Living at Four Corners calls us to compassion and calls out those who could do missions and ministry.

IV

Finally – money to share, youth to train, health to provide. But to me the most poignant of all the Four Corners is the one I described as full of usetobeas. You remember, the deli that used to be a storage shed, the empty shop that used to be a the mattress store that used to be a pet shop that used to be a dairy that used to be a gas station. And all the other usedtobeas on that block. They speak to me of transition. They send me a message about change.

New peoples have come to our community. The seafood place became a Tex-Mex eatery. Different religions have come, and so the old pharmacy now handles kosher meats and Jewish delicacies. Indians operate the gasoline station, and Peruvians sell pupusas. New peoples, new ways of living, change.

So what does it mean to be a Christian in these new Four Corners? How do we reach the Spanish-speaking waitresses? Can we connect with the Indian mechanic? Are we able to share Christ with the Jewish merchant? What is our commitment to offer the good news to everyone, to each person, however different they may seem?

Oh, I pray God today for an impassioned spirit of outreach. We do some fine things in this church. We care about one another. We teach many good subjects. But there is still the issue of reaching out and sharing the good news. It remains true, in the new Four Corners as well as in the old, that the most fundamental need of the human heart is for a relationship with God. The most basic responsibility you and I have is to share the good news with everyone around us, red and yellow, black and white, all are precious in His sight.

The Scripture says by the prophet Isaiah, that “the Lord will extend his hand … to recover the remnant that is left of his people … and gather the dispersed of Judah from the four corners of the earth.” We are called to share in this gathering from the four corners.

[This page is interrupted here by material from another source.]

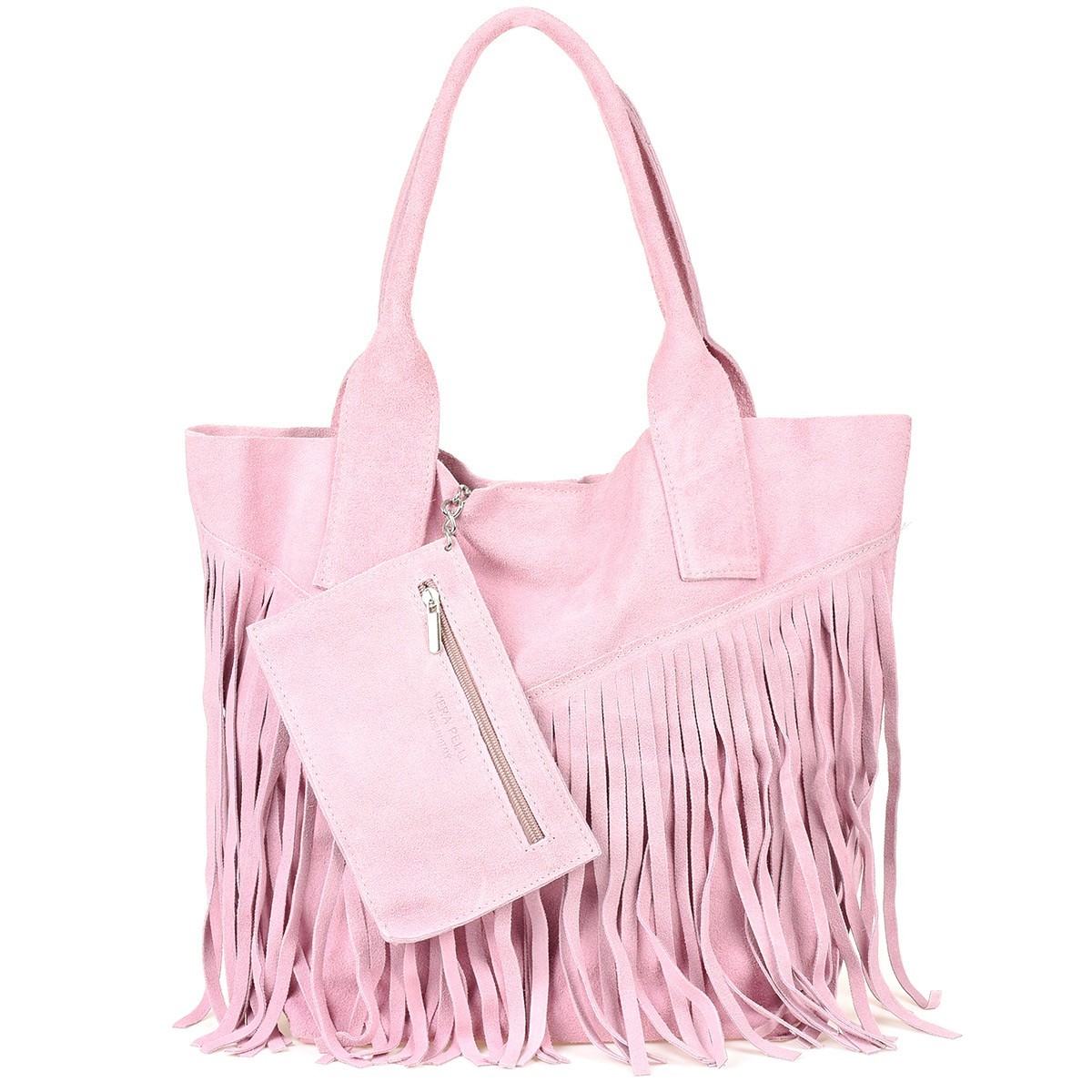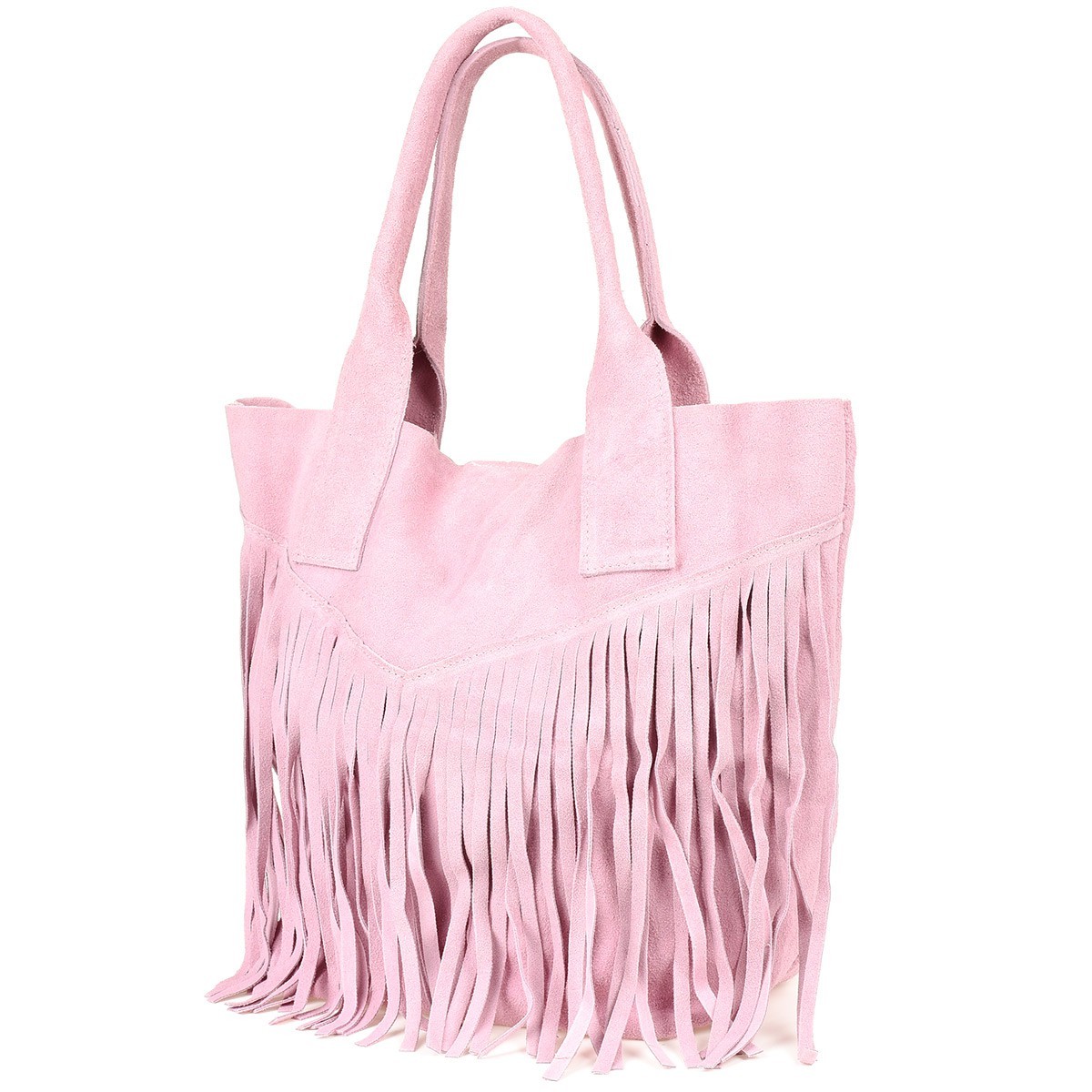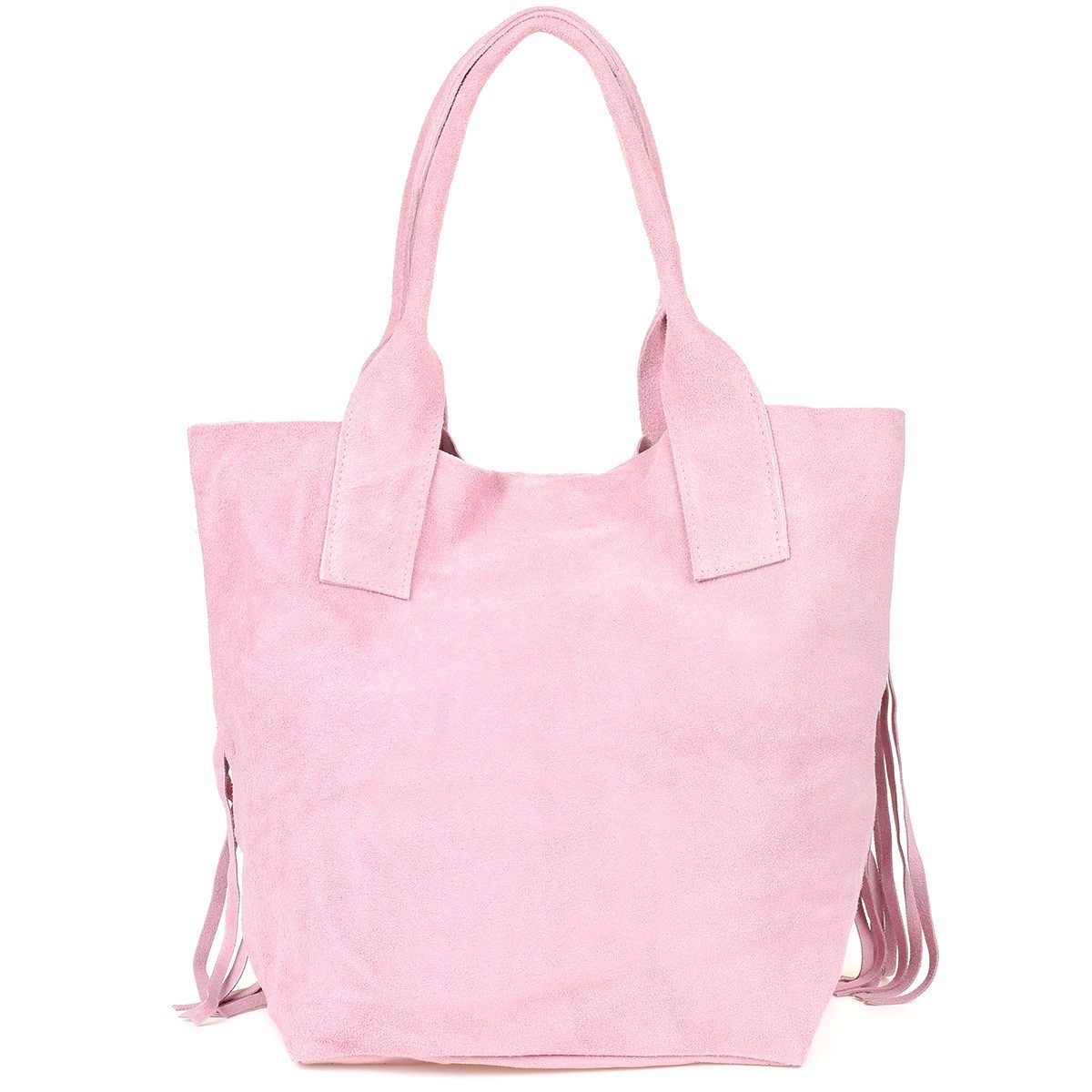 Pudrowo różowa Torebka damska skórzana zamszowa A4 frędzel duża L83

The seer of Revelation cries out, as he envisions what God will finally do when time shall be no more, “four angels standing at the four corners of the earth, holding back the four winds … saying, ‘Do not damage the earth or the sea or the trees, until we have marked the servants of our God with a seal …’. ” We are called to share in God’s care for all things.

Give and teach and heal and share. These are the four corners of our faith. Give and teach and heal and share; these are the four corners of our discipleship. Give and teach and heal and share; these are the four corners that our God loves. Give and teach and heal and share; that’s living at Four Corners.